0e334db6bb4b1fd1e2d72c1f3d8f004313cd9f94
posix-timers: Fix division by zero bug
Committed: 2018-12-17 17:35:45 +0100

With this patch in place I am seeing problems with glibc's function
timer_create. I am an Emacs maintainer, and saw these problems whilst
investigating Emacs bug #34235 "27.0.50; lisp profiler does not work".
Full details of this bug are at
https://debbugs.gnu.org/cgi/bugreport.cgi?bug=34235.

Emacs's profiler fails in kernel 4.19.13, but works in a version of
4.19.13 with the patch reversed, otherwise unchanged. My current version
of glibc is 2.27-r6 (I think the "-r6" comes from Gentoo, my distro).

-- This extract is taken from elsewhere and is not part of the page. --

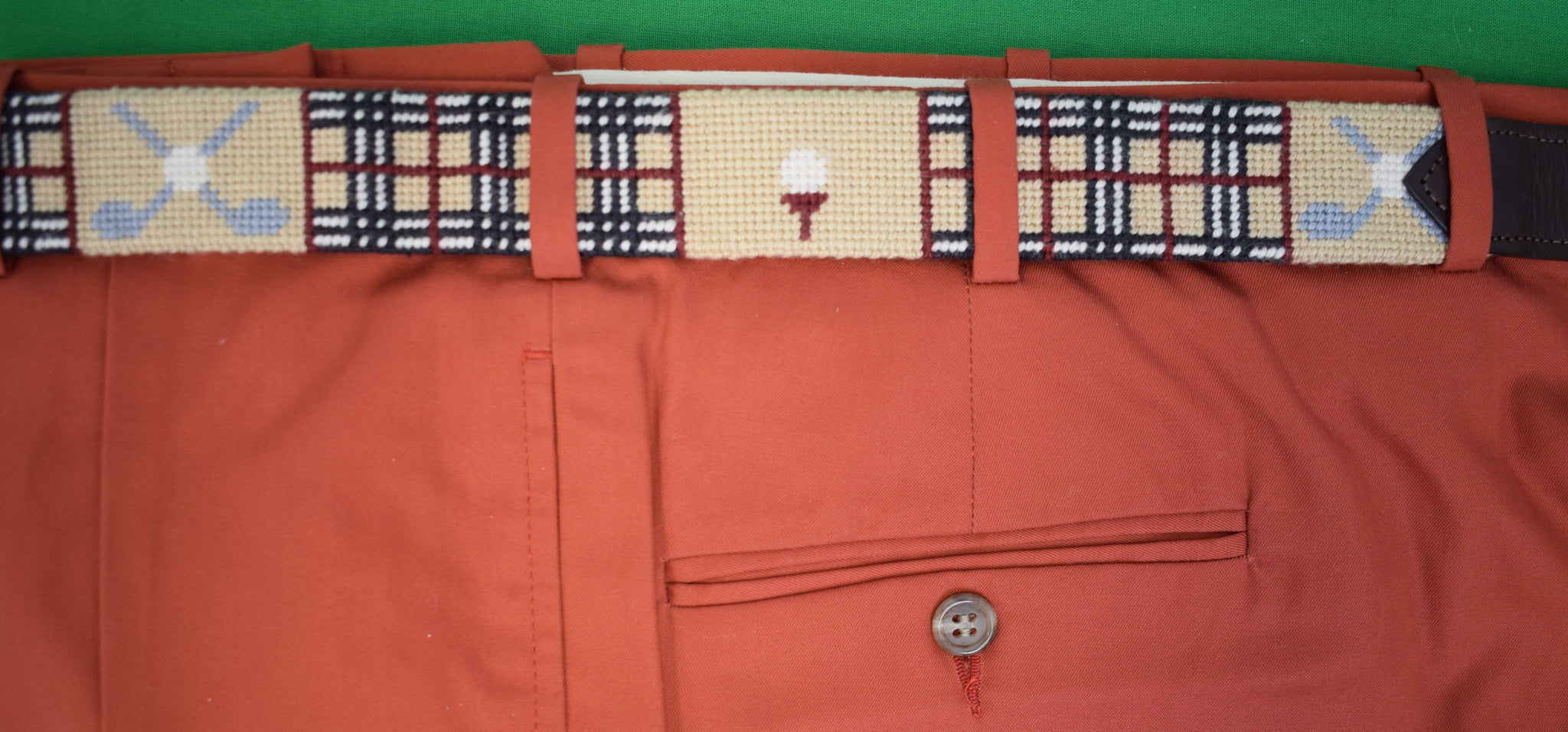 Hand Needlepoint Belt w/ Scotch Plaid Golf Motif Sz 46 (LNWOT)

The Emacs profiler works by a signal handler being repeatedly triggered
by the SIGPROF signal every 1 millisecond. In the bug scenario, this
signal gets triggered precisely once each time the Emacs profiler is
started, rather than continually.

The core of the code in Emacs which initialises the glibc timer is:

int i;
struct sigevent sigev;
sigev.sigev_value.sival_ptr = &profiler_timer;
sigev.sigev_signo = SIGPROF;
sigev.sigev_notify = SIGEV_SIGNAL;

for (i = 0; i < ARRAYELTS (system_clock); i++)
if (timer_create (system_clock[i], &sigev, &profiler_timer) == 0)
{
profiler_timer_ok = 1;
break;
}
}

if (profiler_timer_ok)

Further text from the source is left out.